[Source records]
--

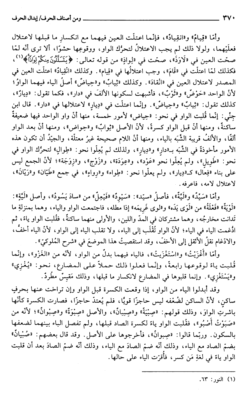 وأمّا "قِيامٌ" و"انقِيادٌ"، فإنّما اعتلّت العين فيهما مع انكسارِ ما قبلها لاعتلال فعلَيهما, ولولا ذلك لمِ يجب الاعتلالُ لتحرُّك الواو، ووقوعِها حشوًا، ألا ترى أنّه لمّا صحّت العين في "لَاوَذ"، صحّت في "لِواذٍ" من قوله تعالى: {يَتَسَلَّلُونَ مِنْكُمْ لِوَاذًا} (¬1)، فكذلك لمّا اعتلّت في "قَامَ"، وجب اعتلالُها في "قِيام". وكذلك "انْقِيادٌ" اعتلّت العين في المصدر لاعتلال العين في "انْقادَ". وكذلك "ثِيابٌ" و"حِياضٌ" أصلُ الياء فيهما الواوُ؛ لأنّ الواحد "حَوْضٌ" و"ثَوْبٌ"، فأشبهت لسكونها الألفَ في "دار"، فكما تقول: "دِيارٌ"، كذلك تقول: "ثِيابٌ" و"حِياضٌ". وإنّما اعتلّت في "دِيارٍ" لاعتلالها في "دار". قال ابن جِنِّي: إنما قُلبت الواو في نحو: "حِياض" لأمور خمسة، منها أنّ واو الواحد فيها ضعيفةٌ ساكنةٌ، ومنها أنّ قبل الواو كسرةً, لأنّ الأصل "ثِوابٌ" و"حِواض"، ومنها أنّ بعد الواو ألفًا، والألفُ قريبة الشَّبَه بالياء، ومنها أنّ اللام صحيحة غيرُ معتلّة، والجيّد أن تكون هذه الأمور مأخوذةً في الشَّبَه بـ "دارٍ" و"دِيارٍ", ولذلك لم يُعِلّوا نحو: "طِوالٍ" لتحرُّك الواو في نحو: "طَوِيلٍ"، ولم يُعِلّوا نحو "عَوْد"، و"عِوَدَة"، و"زَوْج"، و"زِوَجَة"؛ لأنّ الجمع ليس علي بناء "فِعال" كـ "دِيار", ولم يعلّوا نحو: "طِواء" و"رِواءٍ"، في جمع "طَيّان" و"رَيّانَ"، لاعتلال لامه، فاعرفه.
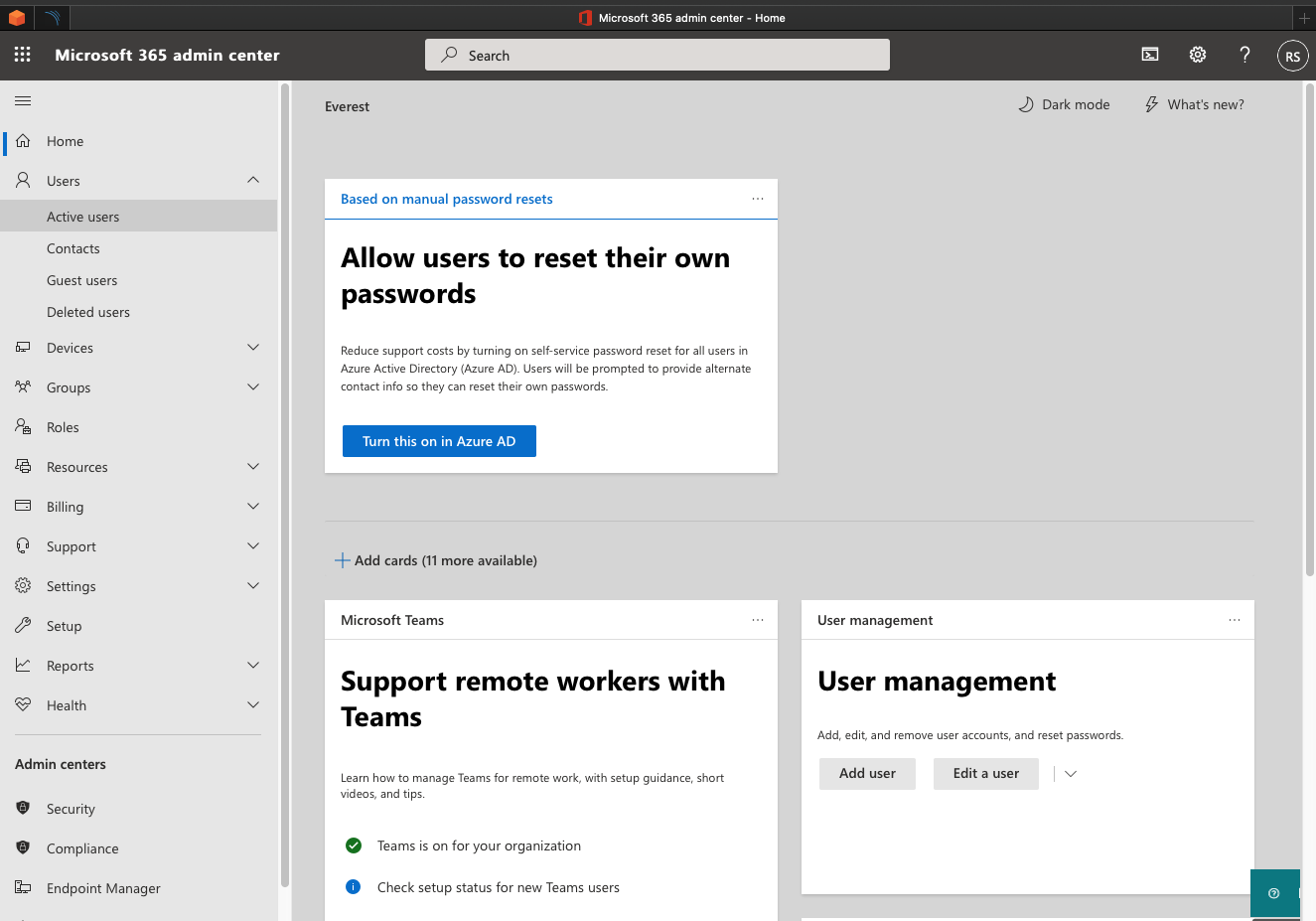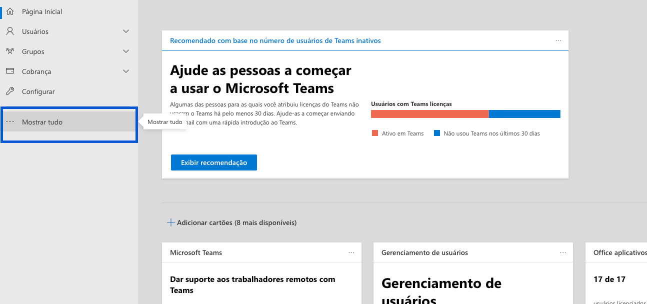 O link para entrar nele é esse: https://admin.microsoft.com/ e no menu na lateral esquerda, clique em Mostrar Tudo
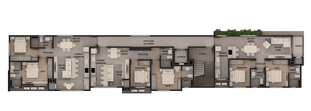 Algumas unidades contam com sacada e churrasqueira, oferecendo mais conforto no dia a dia. Com apenas três apartamentos por andar, o projeto garante mais privacidade e exclusividade para os moradores.
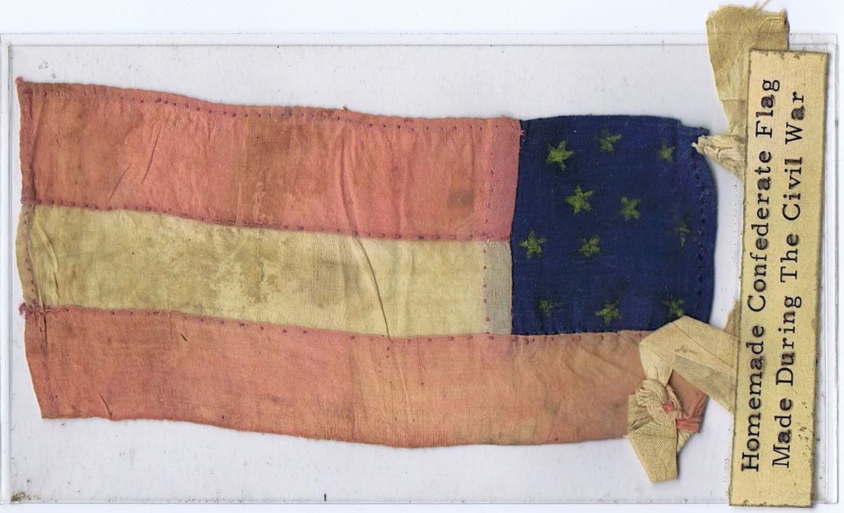 Petit 11-star Stars and Bars flag, hand-stitched, made during the Civil War. 2 x 4 1/4, comprising two red (now pink), one white, and one midnight blue piece of silk, primitively but neatly sewn together with dark pink thread, the stars hand-painted in muted gold. Two white silk ties, to affix to a small stick (not present); when viewed from obverse, the field of stars is on the right. Mottled with soiling (or perspiration) in left half, red (a fugitive dye) faded to pink, else good, with enormous appeal and character. Details of its condition suggest that it was carried - multiple times - by a patriotic Southerner, perhaps in a pocket, or secured to a hat band. Acquired by consignor in mid-1960s. Rare, likely more so than a full-size Confederate flag (which would fetch five figures).
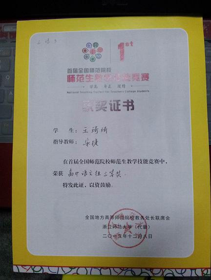 2013年12月8日,历时两天的首届全国师范院校师范生教学技能竞赛在浙江师范大学落下帷幕。公司三年级王琦琦同学凭借稳定、出色的发挥,获语文组三等奖。
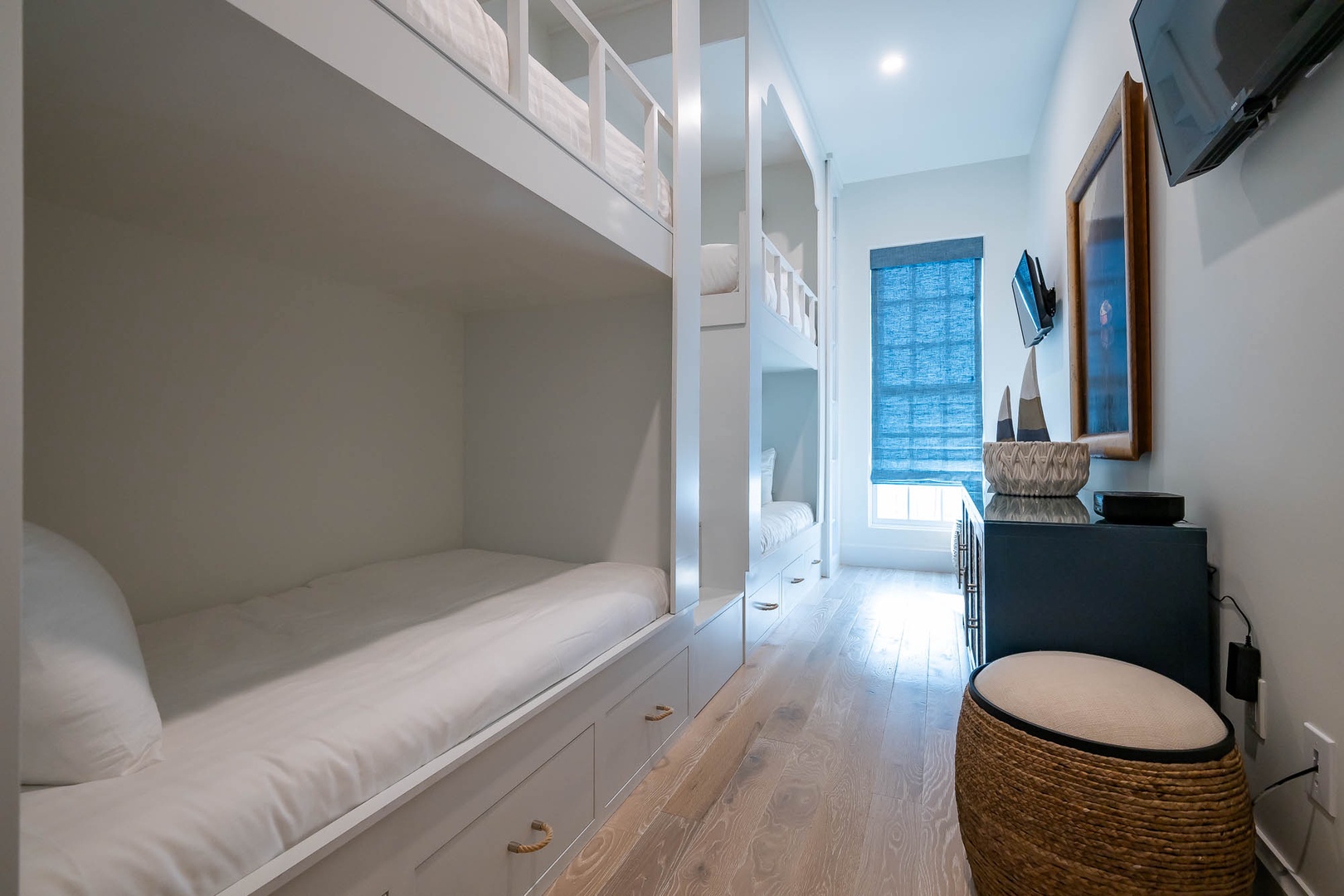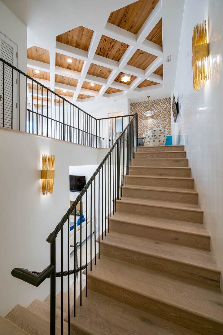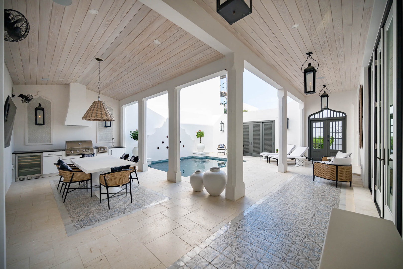 This newly constructed home just across from the Caliza Pool has a large great room with an open concept kitchen with plenty of counter space and a large island. The first floor also offers a double washer and dryer next to the kitchen. You will find the primary bedroom on the first floor with a tub and double walk-in shower, along with a sitting area and TV. The spacious courtyard offers a large, covered dining area with a summer kitchen for perfect outdoor entertainment. The private pool may be heated in cooler weather and offers open seating for taking in the sun. On the second floor, guests will find three king bedrooms with ensuite bathrooms. In addition, there is a bunk room with two sets of upper and lower beds. Parking for this home is a two-car garage.

--

*TASK TO CARRY OUT*
Transcribe all data precisely. Pictures are not copied.

*REPLY*
 وأمّا "قِيامٌ" و"انقِيادٌ"، فإنّما اعتلّت العين فيهما مع انكسارِ ما قبلها لاعتلال فعلَيهما, ولولا ذلك لمِ يجب الاعتلالُ لتحرُّك الواو، ووقوعِها حشوًا، ألا ترى أنّه لمّا صحّت العين في "لَاوَذ"، صحّت في "لِواذٍ" من قوله تعالى: {يَتَسَلَّلُونَ مِنْكُمْ لِوَاذًا} (¬1)، فكذلك لمّا اعتلّت في "قَامَ"، وجب اعتلالُها في "قِيام". وكذلك "انْقِيادٌ" اعتلّت العين في المصدر لاعتلال العين في "انْقادَ". وكذلك "ثِيابٌ" و"حِياضٌ" أصلُ الياء فيهما الواوُ؛ لأنّ الواحد "حَوْضٌ" و"ثَوْبٌ"، فأشبهت لسكونها الألفَ في "دار"، فكما تقول: "دِيارٌ"، كذلك تقول: "ثِيابٌ" و"حِياضٌ". وإنّما اعتلّت في "دِيارٍ" لاعتلالها في "دار". قال ابن جِنِّي: إنما قُلبت الواو في نحو: "حِياض" لأمور خمسة، منها أنّ واو الواحد فيها ضعيفةٌ ساكنةٌ، ومنها أنّ قبل الواو كسرةً, لأنّ الأصل "ثِوابٌ" و"حِواض"، ومنها أنّ بعد الواو ألفًا، والألفُ قريبة الشَّبَه بالياء، ومنها أنّ اللام صحيحة غيرُ معتلّة، والجيّد أن تكون هذه الأمور مأخوذةً في الشَّبَه بـ "دارٍ" و"دِيارٍ", ولذلك لم يُعِلّوا نحو: "طِوالٍ" لتحرُّك الواو في نحو: "طَوِيلٍ"، ولم يُعِلّوا نحو "عَوْد"، و"عِوَدَة"، و"زَوْج"، و"زِوَجَة"؛ لأنّ الجمع ليس علي بناء "فِعال" كـ "دِيار", ولم يعلّوا نحو: "طِواء" و"رِواءٍ"، في جمع "طَيّان" و"رَيّانَ"، لاعتلال لامه، فاعرفه.
 O link para entrar nele é esse: https://admin.microsoft.com/ e no menu na lateral esquerda, clique em Mostrar Tudo
 Algumas unidades contam com sacada e churrasqueira, oferecendo mais conforto no dia a dia. Com apenas três apartamentos por andar, o projeto garante mais privacidade e exclusividade para os moradores.
 Petit 11-star Stars and Bars flag, hand-stitched, made during the Civil War. 2 x 4 1/4, comprising two red (now pink), one white, and one midnight blue piece of silk, primitively but neatly sewn together with dark pink thread, the stars hand-painted in muted gold. Two white silk ties, to affix to a small stick (not present); when viewed from obverse, the field of stars is on the right. Mottled with soiling (or perspiration) in left half, red (a fugitive dye) faded to pink, else good, with enormous appeal and character. Details of its condition suggest that it was carried - multiple times - by a patriotic Southerner, perhaps in a pocket, or secured to a hat band. Acquired by consignor in mid-1960s. Rare, likely more so than a full-size Confederate flag (which would fetch five figures).
 2013年12月8日,历时两天的首届全国师范院校师范生教学技能竞赛在浙江师范大学落下帷幕。公司三年级王琦琦同学凭借稳定、出色的发挥,获语文组三等奖。
 This newly constructed home just across from the Caliza Pool has a large great room with an open concept kitchen with plenty of counter space and a large island. The first floor also offers a double washer and dryer next to the kitchen. You will find the primary bedroom on the first floor with a tub and double walk-in shower, along with a sitting area and TV. The spacious courtyard offers a large, covered dining area with a summer kitchen for perfect outdoor entertainment. The private pool may be heated in cooler weather and offers open seating for taking in the sun. On the second floor, guests will find three king bedrooms with ensuite bathrooms. In addition, there is a bunk room with two sets of upper and lower beds. Parking for this home is a two-car garage.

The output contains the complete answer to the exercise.